• DIRECTIONS: Transcribe nothing except the lines below that run from the one with "热泵型窗式空调器与单冷型窗式" to the one with "Stilvolles Murmelspiel. Spiralförmig", ends included, and do not copy any picture.

• EXERCISE INPUT:
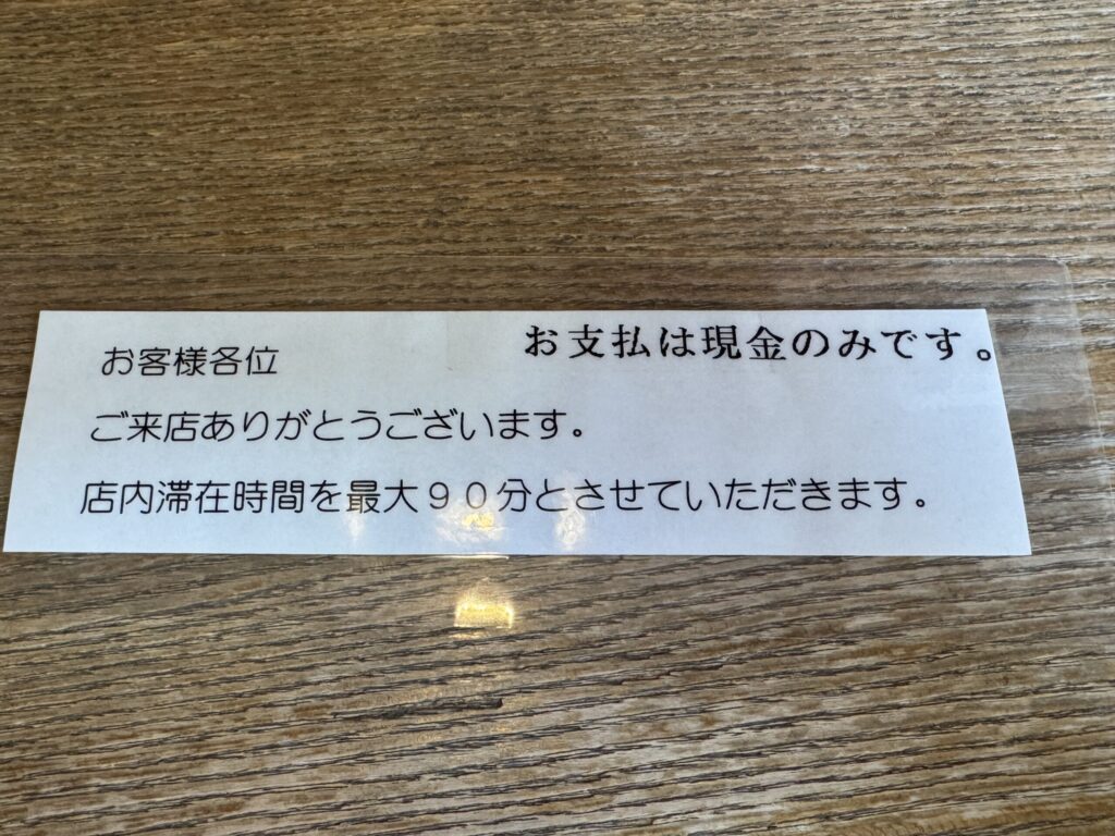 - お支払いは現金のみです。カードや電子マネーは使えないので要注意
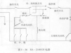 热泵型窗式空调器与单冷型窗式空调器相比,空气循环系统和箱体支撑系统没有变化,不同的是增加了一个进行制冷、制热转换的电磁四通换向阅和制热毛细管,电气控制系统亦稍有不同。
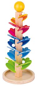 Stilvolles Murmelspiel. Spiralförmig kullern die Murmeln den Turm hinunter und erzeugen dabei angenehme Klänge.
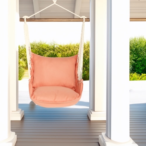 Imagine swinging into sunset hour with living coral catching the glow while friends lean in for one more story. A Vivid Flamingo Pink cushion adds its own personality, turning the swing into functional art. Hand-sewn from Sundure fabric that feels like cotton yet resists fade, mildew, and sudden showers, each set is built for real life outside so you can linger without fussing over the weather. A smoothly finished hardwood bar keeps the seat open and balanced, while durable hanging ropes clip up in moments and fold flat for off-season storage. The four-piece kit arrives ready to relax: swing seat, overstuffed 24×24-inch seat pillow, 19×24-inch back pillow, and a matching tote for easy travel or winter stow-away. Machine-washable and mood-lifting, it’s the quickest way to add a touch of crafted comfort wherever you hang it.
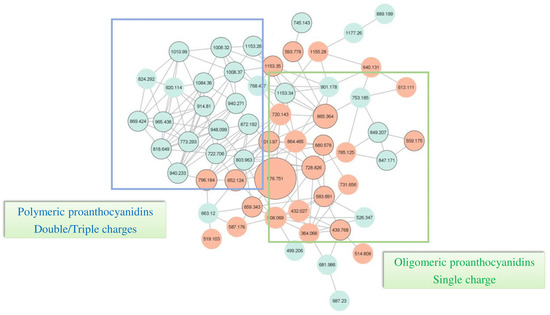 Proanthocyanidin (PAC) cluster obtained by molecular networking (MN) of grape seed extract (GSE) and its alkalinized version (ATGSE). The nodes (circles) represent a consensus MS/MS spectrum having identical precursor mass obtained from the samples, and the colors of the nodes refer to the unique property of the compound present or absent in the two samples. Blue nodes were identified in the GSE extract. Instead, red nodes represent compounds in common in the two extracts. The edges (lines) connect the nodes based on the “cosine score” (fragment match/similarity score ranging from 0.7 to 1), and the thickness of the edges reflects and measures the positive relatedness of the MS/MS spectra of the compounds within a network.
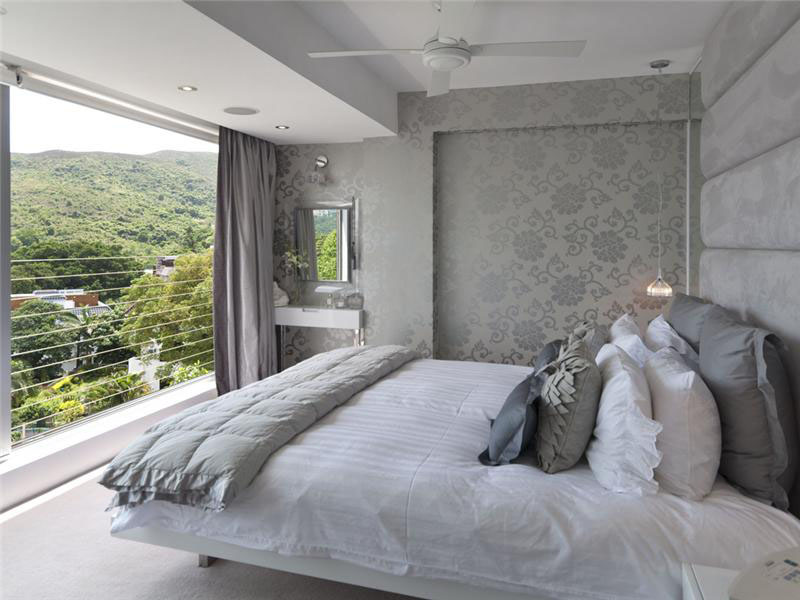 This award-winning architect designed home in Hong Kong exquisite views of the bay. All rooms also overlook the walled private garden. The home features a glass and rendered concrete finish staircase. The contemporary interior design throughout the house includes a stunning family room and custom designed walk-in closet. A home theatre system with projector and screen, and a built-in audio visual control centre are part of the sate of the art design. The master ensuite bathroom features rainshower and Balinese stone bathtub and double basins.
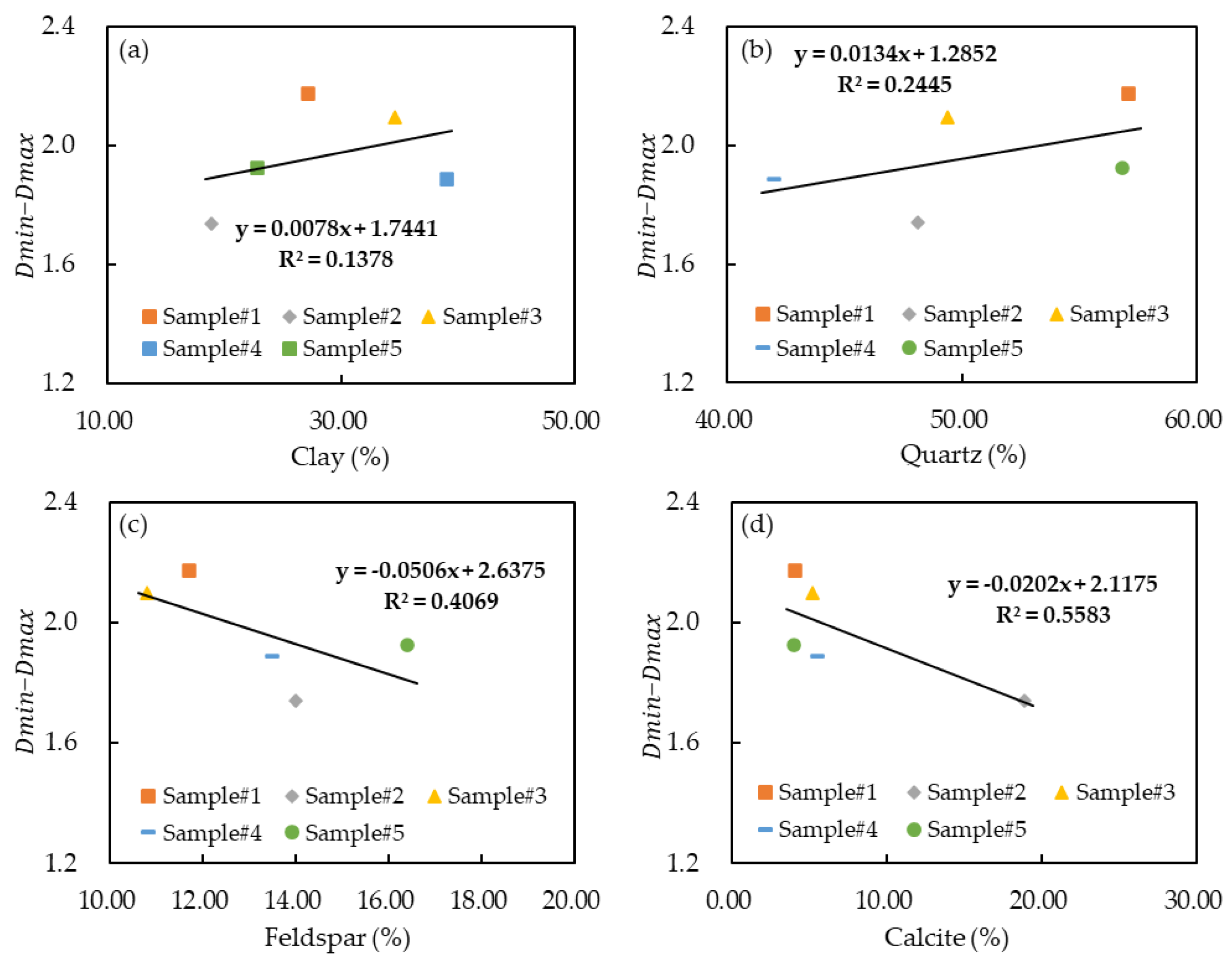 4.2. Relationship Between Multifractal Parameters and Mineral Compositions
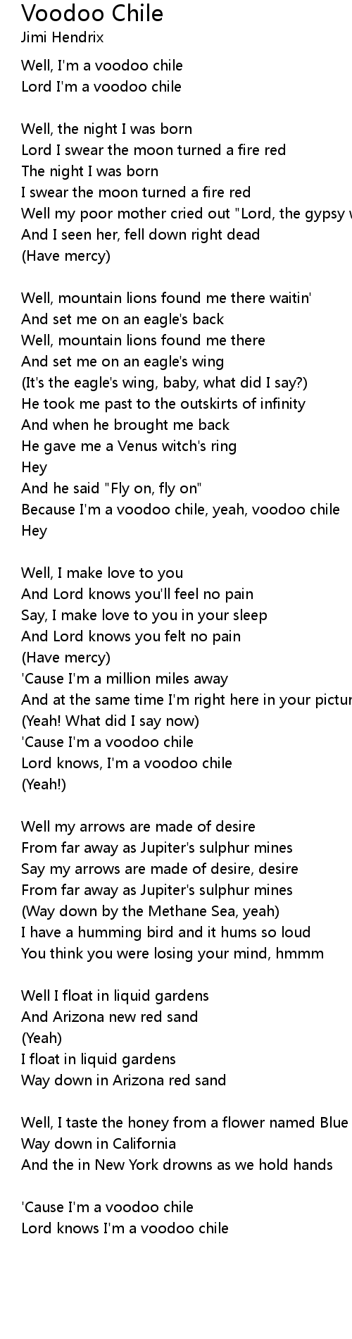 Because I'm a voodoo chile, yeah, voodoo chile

* * *

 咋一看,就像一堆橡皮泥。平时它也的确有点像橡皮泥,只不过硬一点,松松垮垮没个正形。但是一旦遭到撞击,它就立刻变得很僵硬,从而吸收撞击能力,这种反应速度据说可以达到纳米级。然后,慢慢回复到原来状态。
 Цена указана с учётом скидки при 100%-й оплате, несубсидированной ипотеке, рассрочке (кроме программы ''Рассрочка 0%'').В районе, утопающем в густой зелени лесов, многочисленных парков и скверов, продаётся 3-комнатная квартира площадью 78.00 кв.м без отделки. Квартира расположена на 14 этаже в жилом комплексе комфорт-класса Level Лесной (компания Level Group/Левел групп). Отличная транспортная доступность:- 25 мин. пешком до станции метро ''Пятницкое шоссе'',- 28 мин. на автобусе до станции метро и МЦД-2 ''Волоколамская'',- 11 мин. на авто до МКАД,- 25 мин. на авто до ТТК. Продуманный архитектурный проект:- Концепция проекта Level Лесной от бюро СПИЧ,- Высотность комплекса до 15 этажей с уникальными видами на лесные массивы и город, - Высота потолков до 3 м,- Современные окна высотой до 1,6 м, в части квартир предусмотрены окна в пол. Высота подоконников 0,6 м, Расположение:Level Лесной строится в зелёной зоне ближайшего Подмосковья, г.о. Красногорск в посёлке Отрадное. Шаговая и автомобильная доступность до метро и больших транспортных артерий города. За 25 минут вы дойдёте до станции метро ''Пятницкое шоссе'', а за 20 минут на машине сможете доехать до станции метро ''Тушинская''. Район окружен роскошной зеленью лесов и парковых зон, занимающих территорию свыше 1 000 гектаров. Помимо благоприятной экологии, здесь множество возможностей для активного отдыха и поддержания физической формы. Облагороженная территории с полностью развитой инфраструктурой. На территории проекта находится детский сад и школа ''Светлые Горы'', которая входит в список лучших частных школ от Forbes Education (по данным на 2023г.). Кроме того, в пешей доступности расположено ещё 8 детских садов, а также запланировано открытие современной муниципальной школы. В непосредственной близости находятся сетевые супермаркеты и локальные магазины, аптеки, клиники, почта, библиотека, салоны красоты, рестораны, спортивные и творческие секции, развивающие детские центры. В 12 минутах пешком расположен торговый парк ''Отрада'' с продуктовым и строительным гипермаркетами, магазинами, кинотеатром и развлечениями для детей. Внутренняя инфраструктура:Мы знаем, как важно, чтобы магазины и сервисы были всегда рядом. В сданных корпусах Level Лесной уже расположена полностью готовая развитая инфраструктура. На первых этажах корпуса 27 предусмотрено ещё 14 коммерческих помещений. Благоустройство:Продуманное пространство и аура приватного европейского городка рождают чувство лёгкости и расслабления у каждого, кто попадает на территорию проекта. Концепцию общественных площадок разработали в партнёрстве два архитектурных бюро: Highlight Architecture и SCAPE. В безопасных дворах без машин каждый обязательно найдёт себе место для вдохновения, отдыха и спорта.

---

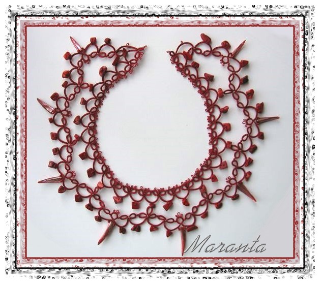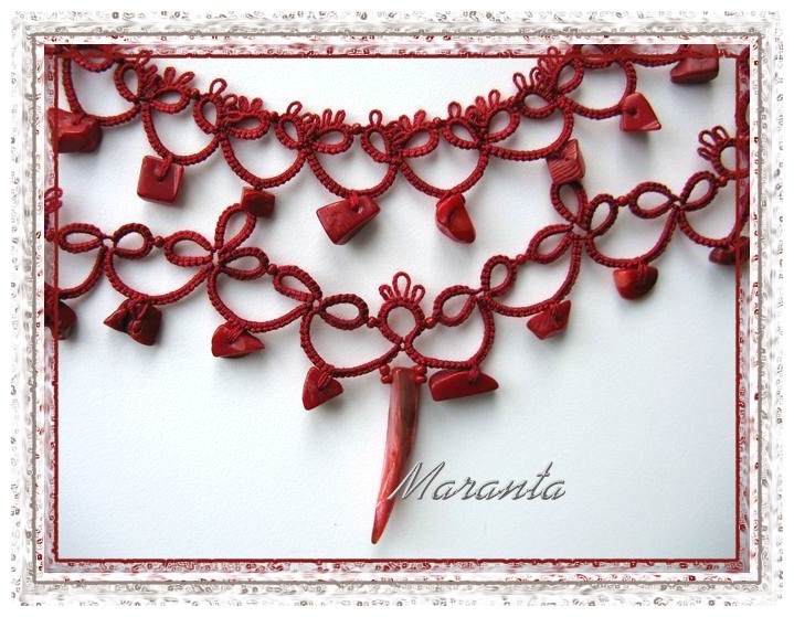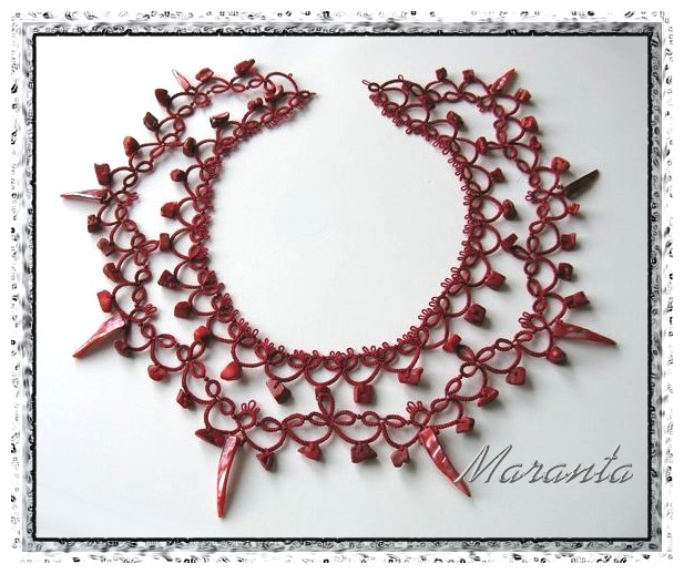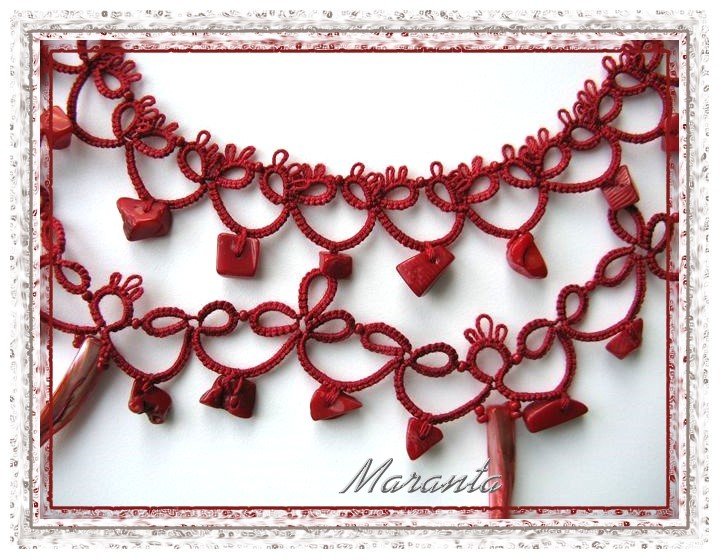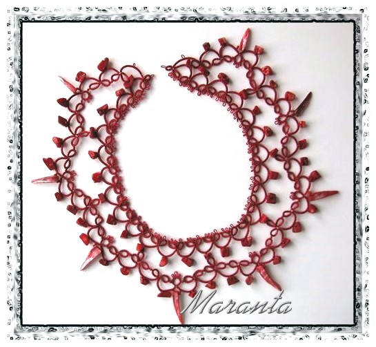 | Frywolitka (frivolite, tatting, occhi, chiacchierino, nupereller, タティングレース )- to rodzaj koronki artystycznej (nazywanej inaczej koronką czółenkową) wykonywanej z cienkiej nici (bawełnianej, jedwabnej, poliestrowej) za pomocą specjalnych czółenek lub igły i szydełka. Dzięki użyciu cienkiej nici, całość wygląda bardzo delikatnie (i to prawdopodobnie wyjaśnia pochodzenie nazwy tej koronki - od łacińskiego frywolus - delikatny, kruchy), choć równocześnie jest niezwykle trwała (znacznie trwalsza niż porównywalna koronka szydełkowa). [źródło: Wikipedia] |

• SOLUTION TO THE PROBLEM:
 热泵型窗式空调器与单冷型窗式空调器相比,空气循环系统和箱体支撑系统没有变化,不同的是增加了一个进行制冷、制热转换的电磁四通换向阅和制热毛细管,电气控制系统亦稍有不同。
 Stilvolles Murmelspiel. Spiralförmig kullern die Murmeln den Turm hinunter und erzeugen dabei angenehme Klänge.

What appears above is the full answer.